Abubakar Aliyu, Zachariades Christos
Department of Electrical Engineering and Electronics, University of Liverpool, Liverpool L69 3GJ, UK.
Sensors (Basel). 2024 May 31;24(11):3565. doi: 10.3390/s24113565.
This paper proposes a new method for recognizing, extracting, and processing Phase-Resolved Partial Discharge (PRPD) patterns from two-dimensional plots to identify specific defect types affecting electrical equipment without human intervention while retaining the principals that make PRPD analysis an effective diagnostic technique. The proposed method does not rely on training complex deep learning algorithms which demand substantial computational resources and extensive datasets that can pose significant hurdles for the application of on-line partial discharge monitoring. Instead, the developed Cosine Cluster Net (CCNet) model, which is an image processing pipeline, can extract and process patterns from any two-dimensional PRPD plot before employing the cosine similarity function to measure the likeness of the patterns to predefined templates of known defect types. The PRPD pattern recognition capabilities of the model were tested using several manually classified PRPD images available in the existing literature. The model consistently produced similarity scores that identified the same defect type as the one from the manual classification. The successful defect type reporting from the initial trials of the CCNet model together with the speed of the identification, which typically does not exceed four seconds, indicates potential for real-time applications.
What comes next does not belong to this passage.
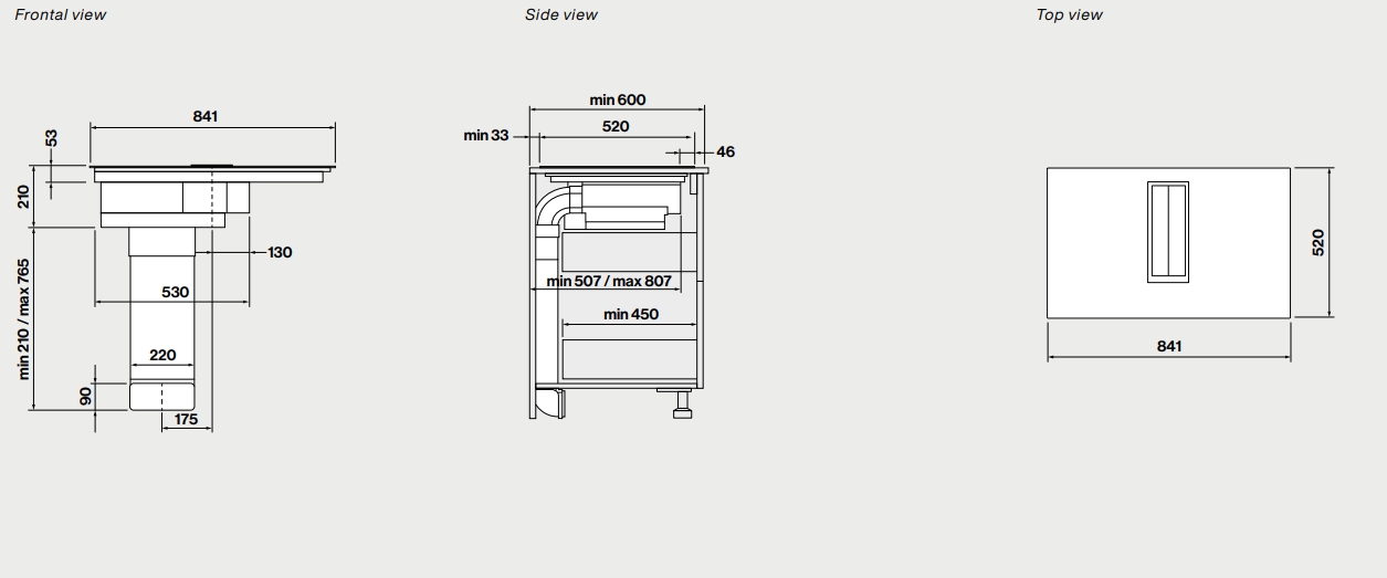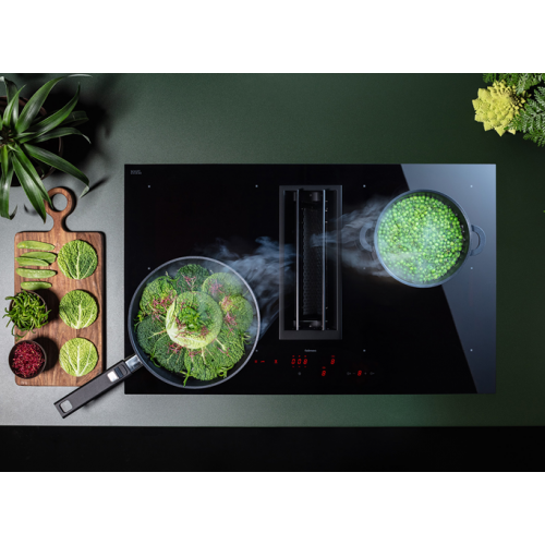 Особенности модели индукционная варочная панель с вытяжкой для режима отвода вохдуха, корпус из нержавеющей стали AISI 304, автоматическое открытие и закрытие всасывающих элементов, бесщеточный двигатель с 9 скоростями + режим Booster, функция Keep Warm (42/70/94 градуса), предупреждение о насыщении жирового фильтра, предупреждение о насыщении фильтра Carbon.Zeo, технология Flex Surface, класс энергоэффективности: A++

本文提出了一种从二维图中识别、提取和处理相分辨局部放电(PRPD)模式的新方法,以在无需人工干预的情况下识别影响电气设备的特定缺陷类型,同时保留使PRPD分析成为有效诊断技术的原理。所提出的方法不依赖于训练复杂的深度学习算法,这些算法需要大量的计算资源和广泛的数据集,这可能会给在线局部放电监测的应用带来重大障碍。相反,所开发的余弦聚类网络(CCNet)模型是一种图像处理管道,它可以在使用余弦相似性函数测量模式与已知缺陷类型的预定义模板的相似度之前,从任何二维PRPD图中提取和处理模式。使用现有文献中提供的几幅人工分类的PRPD图像对该模型的PRPD模式识别能力进行了测试。该模型始终产生的相似度分数能够识别出与人工分类相同的缺陷类型。CCNet模型初步试验成功报告缺陷类型,再加上识别速度通常不超过4秒,表明其具有实时应用的潜力。